I believe your most cost-effective option is to furr out your existing rafters with 2X6 or 2X8s to get additional depth. YOu can either use use the method I detailed above for an air channel, or staple commerically available air chutes.

I realize some use foam for the entire bay, but I believe it important to have ventilation area/

As in all things in life, you can go the cheaper route initially, but will pay more in monthly energy costs moving forward.

You really need to calculate all your costs for various scenarios, including how long you intend to stay in this home.

Scuba_Dave 05-03-2010 09:01 AM

Some roofing Mfgs require ventilation for their warranty
In a hot location I would never eliminate the ventilation
Better to tear down the ceiling, fir it out & spray
Cathedral ceiling in your area they say up to R38 is best
Meeting the min is not a good idea, always better to max out the insulation

HHac8014 05-03-2010 10:08 AM

Royal, I admit I didn't actually understand the furr'ing process being mentioned, now I get it though. That may make sense.

I had thought spray foam could be sprayed in from the top of the cathedral, using gravity and velocity to go all the way to the bottom of the rafter bays. But, yes, if all the drywall has to come down, it seems like furring and adding stronger r-value insulation would make sense.

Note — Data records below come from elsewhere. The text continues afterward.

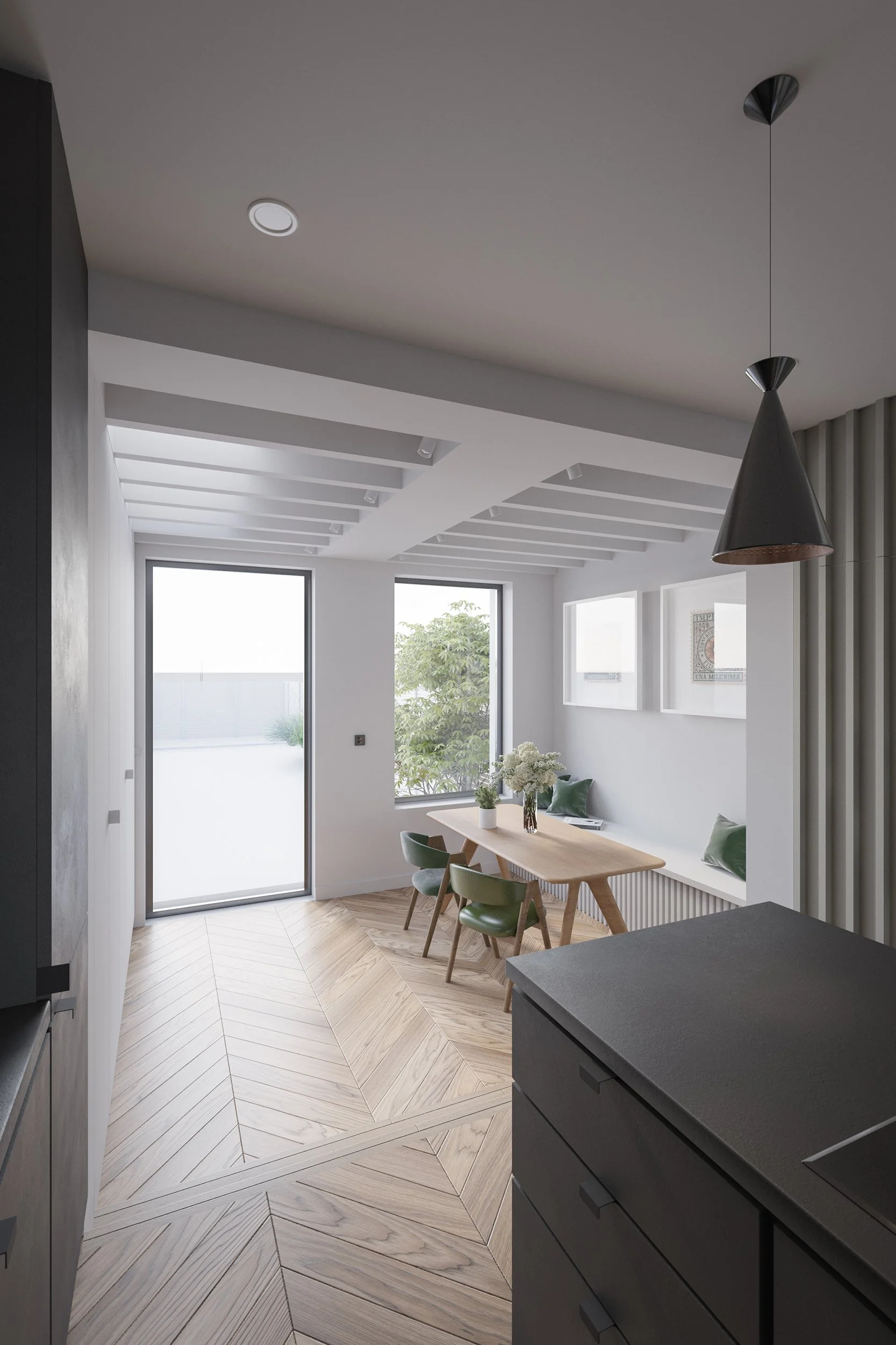 Our clients had been living in this house for nearly three years when they began preparing for a significant life change—the arrival of their first child. One of the main challenges they faced was the limited space in their compact Victorian home. The entrance hallway was particularly narrow, cluttered with multiple doorways that made the area feel cramped and chaotic. With a growing family on the way, creating a functional dining area that was easily accessible from the kitchen became a top priority.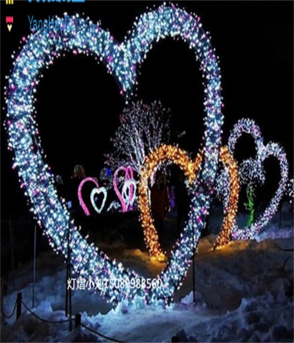 商业中心节庆美陈布置爱心灯 商业街亮化广场爱心摆件灯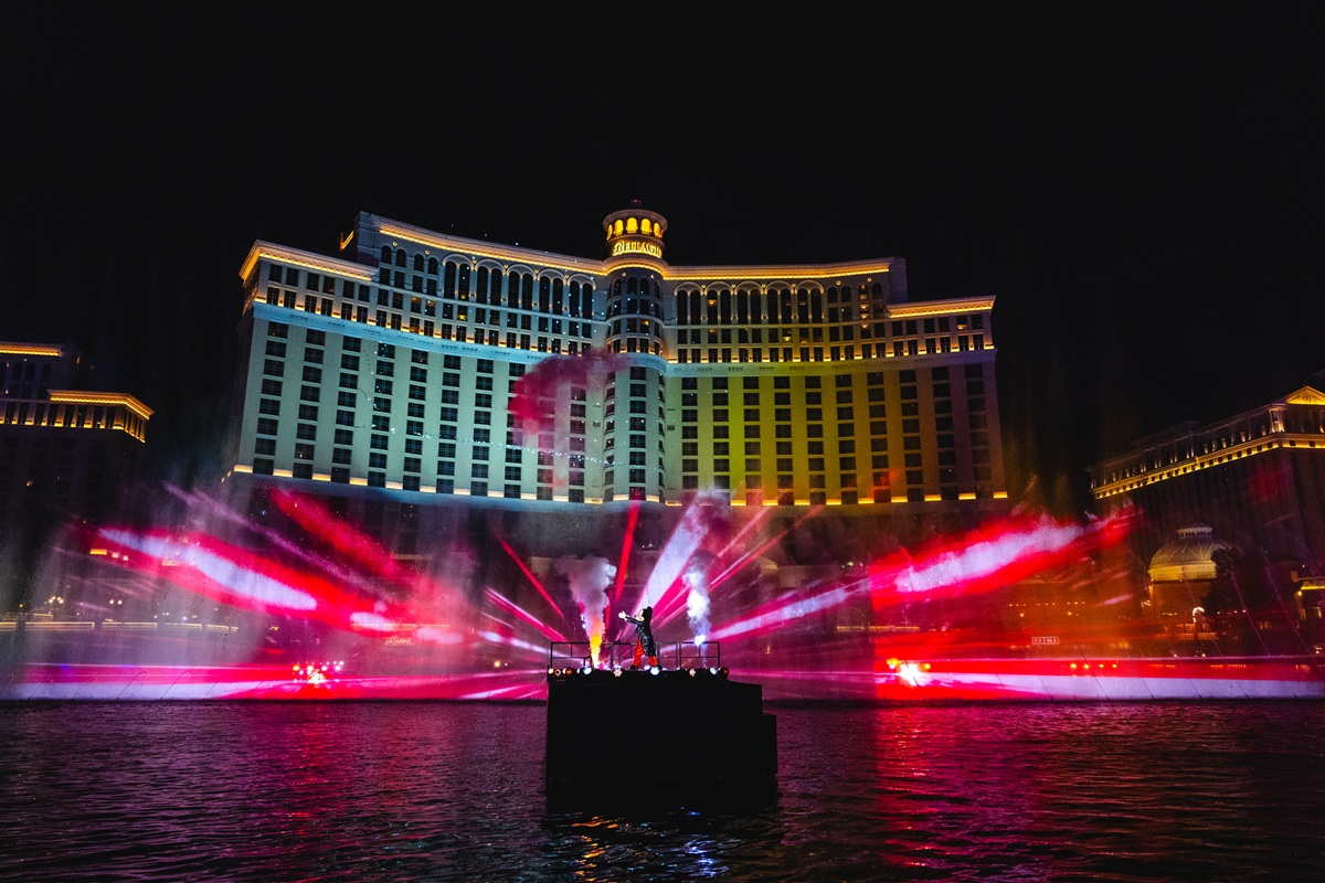 For the first time ever, Mickey Mouse took center stage in front of the Fountains of Bellagio. Disney Live Entertainment delivered a one‑of‑a‑kind show blending music from Fantasia with the iconic Formula 1 theme. The performance featured:
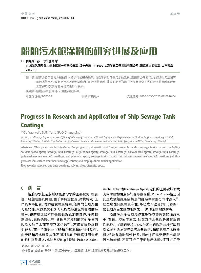 本文系作者@由遙巍,孫 琰,郭常青 授權中國涂料網發(fā)表,并經中國涂料網編輯,未經允許不得轉載,如需轉載請聯(lián)系chinacoatingnet@vip.163.com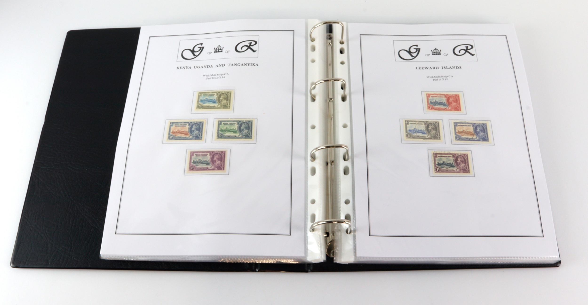British Commonwealth 1935 Silver Jubilee omnibus issue. Nearly complete with 61 sets (minus 1 stamp) mm, missing are: GB, Egypt British forces and South Africa, cat £1725, housed in blue binder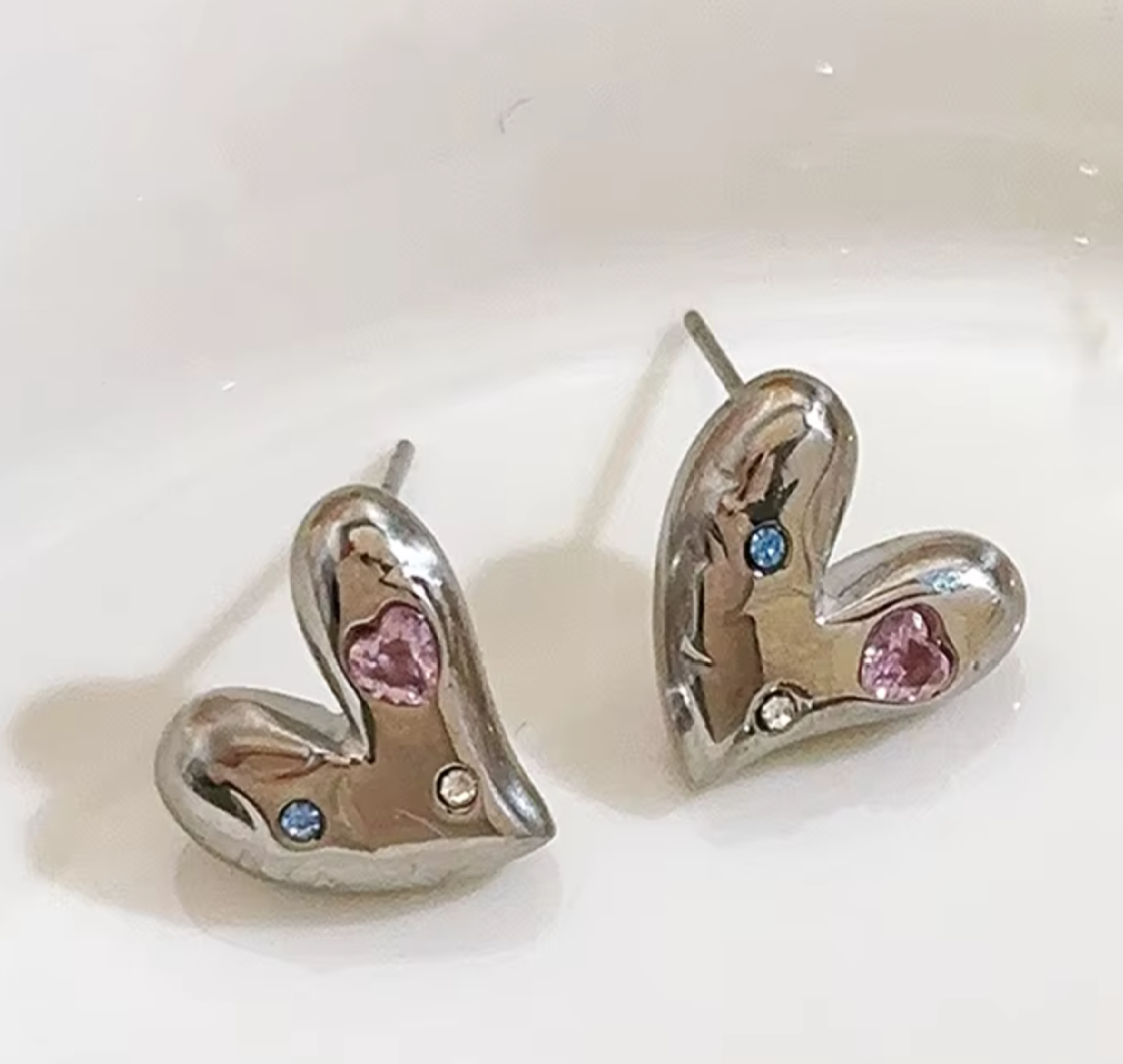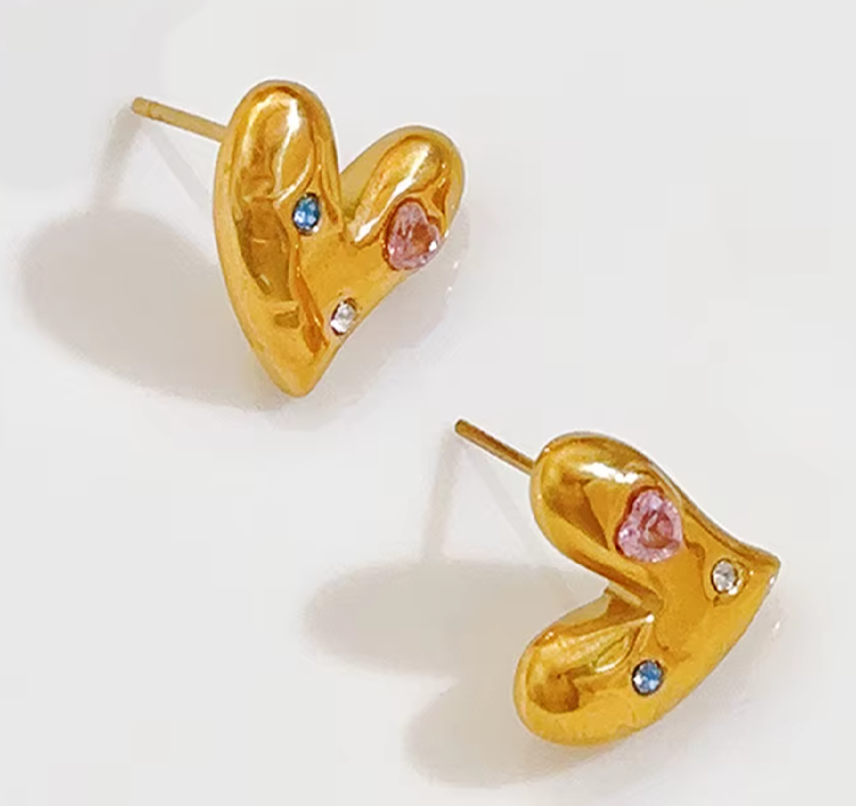 These sculpted molten hearts, are sprinkled with delicate gemstone accents, making them the perfect balance of bold, playful, and timeless.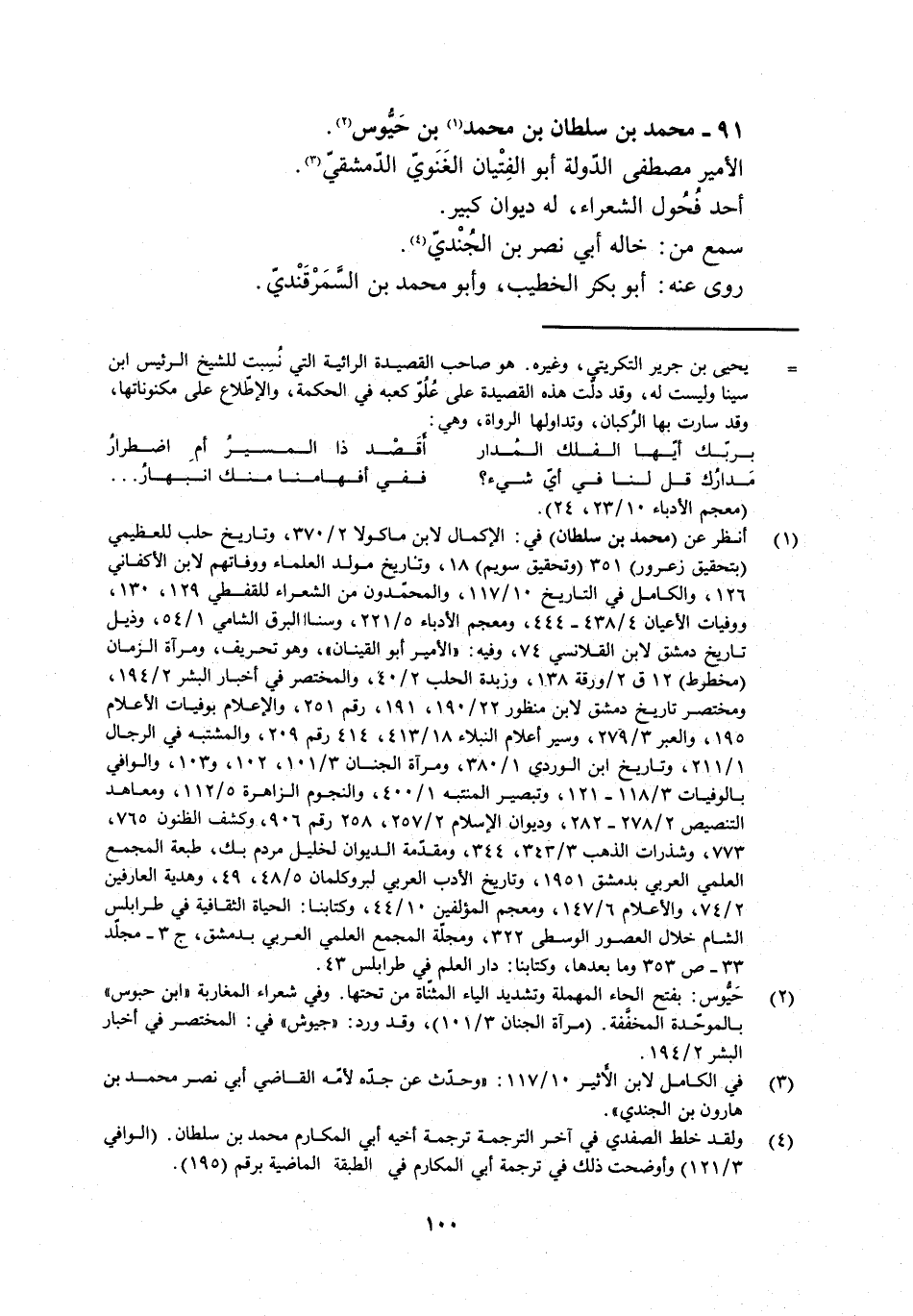 [1] انظر عن (محمد بن سلطان) في: الإكمال لابن ماكولا 2/ 370، وتاريخ حلب للعظيميّ (بتحقيق زعرور) 351 (وتحقيق سويم) 18، وتاريخ مولد العلماء ووفاتهم لابن الأكفاني 126، والكامل في التاريخ 10/ 117، والمحمدون من الشعراء للقفطي 129، 130، ووفيات الأعيان 4/ 438- 444، ومعجم الأدباء 5/ 221، وسنا البرق الشامي 1/ 54، وذيل تاريخ دمشق لابن القلانسي 74، وفيه: «الأمير أبو القينان» ، وهو تحريف، ومرآة الزمان (مخطوط) 12 ق 2/ ورقة 138، وزبدة الحلب 2/ 40، والمختصر في أخبار البشر 2/ 194، ومختصر تاريخ دمشق لابن منظور 22/ 190، 191، رقم 251، والإعلام بوفيات الأعلام 195، والعبر 3/ 279، وسير أعلام النبلاء 18/ 413، 414 رقم 209، والمشتبه في الرجال 1/ 211، وتاريخ ابن الوردي 1/ 380، ومرآة الجنان 3/ 101، 102، و 103، والوافي بالوفيات 3/ 118- 121، وتبصير المنتبه 1/ 400، والنجوم الزاهرة 5/ 112، ومعاهد التنصيص 2/ 278- 282، وديوان الإسلام 2/ 257، 258 رقم 906، وكشف الظنون 765، 773، وشذرات الذهب 3/ 343، 344، ومقدّمة الديوان لخليل مردم بك، طبعة المجمع العلمي العربيّ بدمشق 1951، وتاريخ الأدب العربيّ لبروكلمان 5/ 48، 49، وهدية العارفين 2/ 74، والأعلام 6/ 147، ومعجم المؤلفين 10/ 44، وكتابنا: الحياة الثقافية في طرابلس الشام خلال العصور الوسطى 322، ومجلة المجمع العلمي العربيّ بدمشق، ج 3- مجلّد 33- ص 353 وما بعدها، وكتابنا: دار العلم في طرابلس 43.

Would re-drywalling that ceiling cost me a fortune? I don't have the equipment or skills to do that high of a ceiling.

RoyalAcresRod 05-03-2010 10:32 AM

I don't think you've mentioned the size or height of the room, so of course we couldn't comment on the cost. Some measurements and a few phone calls will give you some ballpark figures.

There are always used drywall lifts on Craigslist and ebay.....I know many who have bought new or used ones, then re-sold them after they're done with them.

These projects are invariably expensive and/or time-consuming to do correctly. But the pride afterwards often makes it worthwhile and gratifying to many of those in these precincts.

And of course the project can be broken up into bits of DIY and hired work...depends only on your pocketbook, level of self-security in doing the work, time available, and your comfort in performing some tasks for the first time. But there are plenty of folks on this site who will take their time to walk you through the process.